The IMF enthusiastically backed the Coalition’s emergency budget in 2010, but reversed its position last year, urging the Chancellor to borrow more in the face of the weakness of the economy.
The IMF has also now urged the German government to enact a fiscal stimulus in order to prop up the tottering eurozone economy. The Fund has also been critical of deep US government spending cuts in recent years.
The IEO said that four years ago the IMF failed to understand that the so-called “fiscal multipliers” of government spending were higher in the wake of a global financial crisis, meaning that the impact of spending cuts and tax rises were more severe than in normal circumstances.
It also said that the Fund failed to appreciate the economic drag imposed by deleveraging households and companies in the wake of debt bubbles bursting.
The managing director of the IMF, Christine Lagarde, rejected the thrust of the criticism.

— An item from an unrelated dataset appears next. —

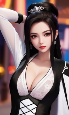 (,1girl, ,best quality, ),looking at viewer, <lora:411-DA-太一剑仙传-季师师:0.8> ,,,ultra detailed background,ultra detailed background,ultra realistic 8k cg, ,masterpiece, (( , )),   (magic, magic circle, ),  (cleavage), (), blurry, depth_of_field, blurry_background, 1girl, blurry_foreground, black_hair, mole, solo, lips, motion_blur, nose, makeup,

“Considering the information and growth forecasts available in 2010, I strongly believe that advising economies with rapidly rising debt burdens to move toward measured consolidation was the right call to make” she said in a statement. “This assessment is benefiting from hindsight”.
Ms Lagarde added that when it became clear the global growth outlook had deteriorated the IMF quickly changed its advice on the pace of fiscal consolidation.